あなたに出逢うために
あなたを捜し求めて
私はこの京に来たんだと思う
こんな結末は、許せない
絶対にあなたを救け出す
この時空の中を潜り抜けて
必ずあなたの夢の叶う未来へ
連れて行ってあげるから
*あなたの夢を護らせて*
「……ぞみ? 望美?」
ハッ、と我に返る。目の前には……。
「……九郎、さん? ほ、本物!?」
「はぁ? お前、大丈夫か?」
怪訝な表情で私を覗き込む、その端正な顔立ちは紛れもなく──源九郎義経、その人。

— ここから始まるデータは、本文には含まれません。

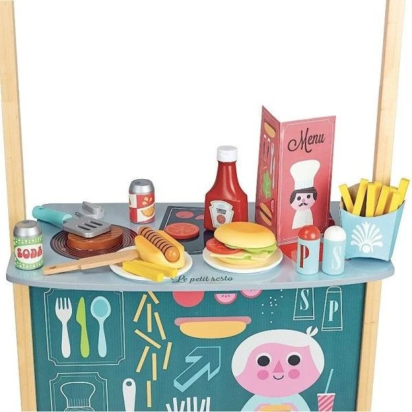 Inspiré des food trucks, ce petit resto avec hamburgers, frites, sodas et de nombreux autres accessoires sera parfait pour jouer les petits cuisiniers !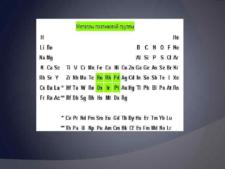 5 Me платиновой группы 1. Рутений 2. Родий 3. Палладий 4. Осмий 5. Иридий

私が駆け抜けた時空の中で、気づかぬうちに一番大切な存在になっていた男性。
源義経、といえば。私の知識の範囲では、悲劇のヒーローなんだと思っていた。兄を慕い、尽くした結果、裏切られ、追い詰められ、死を迎える。
私の中では、更に静御前……だったっけ? 彼女とのロマンスも、強く印象に残っていたものだけど。
こっちの九郎さんときたら。恋愛のレの字もないようなヒトで。確かに女性に対する気配りとかはあるんだろうけど、不器用な人だと……思った。
すぐに思ったこと口に出しちゃうし(私もだけど)。言ってから、後悔してるし(私もだけど)。
そう。私と、似てるのかもしれない。
意地っ張りね、と朔は笑う。どう見ても2人ともお互いに意識し合ってるのに、口を開くと言い争ってばかりじゃないか、と。
初めは、認めたくなかった。こんな人、何とも思ってないと……許婚だなんて、フリでも冗談じゃない! なんて思ってた。
でも、気づくと目で追ってしまう。
無造作に結い上げた、陽に透ける明るい髪も。一瞬、ほうっと見惚れてしまう程の端正な顔立ちも。ぶっきらぼうだけど、優しいその心も。たまに見せてくれる、お日様みたいな全開の笑顔も。
──気づいたら、好きになっていた。
失ってしまう運命なんて
見たくなかった
変えたくて
何度も
何度も
時空を超えた
九郎さんを失わずに済む未来には、簡単には辿り着けない。もう何度、運命の上書きを繰り返したのだろう?
私を庇って逝ってしまったあなた。頼朝の罠にかかり、処刑されてしまったあなた。
どうしたら、あなたを護り通すことが出来るんだろう……?
「おい、望美? ……泣いてるのか?」
「……へっ?」
気が付くと、至近距離に九郎さんの顔があって。いつの間にか零れ落ちてきた私の涙を、指で掬い取ってくれた。
「何か、あったのか?」
「九郎……さん」
「俺には話しづらいか?」
「九郎さんっ、九郎さん……」
ポロポロと、涙が止まらなくなる。
ここにいる九郎さんは、確かに生きていて。私の前に存在していて。こうして私を心配してくれていて、
「死なないで……。私の前から、いなくならないでっ」
やっと伝えたその言葉は、悲壮感の漂った重い言葉になってしまう。
「本当にどうしたんだ、望美? お前、おかしいぞ?」
「うん。分かってる。でも、でもね、私、」
「俺は死なない。いや、死ねない。お前を残して逝くことなんて、出来ないからな」
「……っ!!」
同じ、だね。私の前から消えてしまった、時空の狭間のあなたも……私にそう言ってくれた。約束は守られなかったけれど、今と同じ表情をして微笑ってくれた。
「連れて行ってくれるんだろう? お前の世界へ。見せてくれるんだろう……?」
「うん。絶対に、連れて行ってあげる……」
何度、死なない、という約束が破られたとしても。私が、必ずあなたを護ってみせる。
あなたの夢を叶えてあげたいから。何よりも、あなたと共に歩く未来が欲しいから。
「もう、泣くな。お前には、前を向いてずっと笑っていて欲しいんだ」
涙の痕に、優しく口づけて……。
私の大好きな向日葵みたいな笑顔を、私に向けてくれた。
今度こそ。
変えてみせる。
九郎さんの運命を。
私とあなたが笑って歩いていける未来を……。